Start by launching a scheduler in some terminal on some machine.
dask scheduler
After the launch, the IP of the scheduler will be displayed. Copy it. Then, open more terminals to launch as many dask workers as you like with
dask worker <scheduler-ip>
Finally, write a function to build the dask client and register it as the backend.
Important
Place the following code in any module that will be imported when you are executing
pytask. For example, the src/project/config.py in your project, the
src/project/__init__.py or the task module directly.
from pytask_parallel import ParallelBackend
from pytask_parallel import registry
from concurrent.futures import Executor
from dask.distributed import Client
def _build_dask_executor(n_workers: int) -> Executor:
return Client(address="<scheduler-ip>").get_executor()
registry.register_parallel_backend(ParallelBackend.DASK, _build_dask_executor)

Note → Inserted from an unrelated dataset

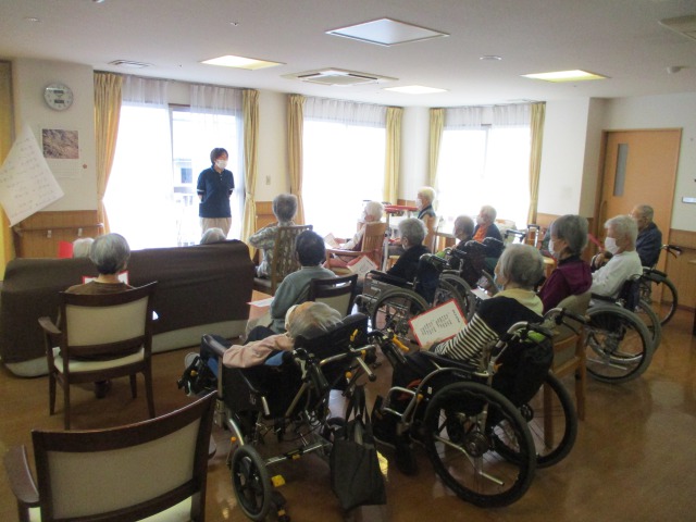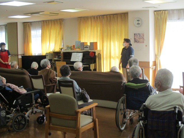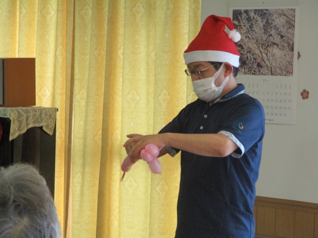 ピアノの演奏が終わり、つぎは【ジャグリング】【手品】【バルーンアート】を披露していただきました(*^-^*)とても器用な職員さんで、普段は篠笛を吹いてくれたり、なんとブレイクダンスもできるそうですΣ(・ω・ノ)ノ!また機会があればぜひ見せていただきたいですね!(^^)!「ボールジャグリング」では水晶のような球が本当に手から浮いているように見えました!!歓声と拍手があがり、一時も目が離せませんでした(@_@)

You can also register it as the custom executor using
pytask_parallel.ParallelBackend.CUSTOM to switch back to the default dask
executor quickly.
See also
You can find more information in the documentation for
dask.distributed.
Remote¶
You can learn how to deploy your tasks to a remote dask cluster in this guide. They recommend using coiled for deployment to cloud providers.
coiled is a product built on top of dask that eases the deployment of your workflow to many cloud providers like AWS, GCP, and Azure.
If you want to run the tasks in your project on a cluster managed by coiled read this guide.
Otherwise, follow the instructions in dask’s guide.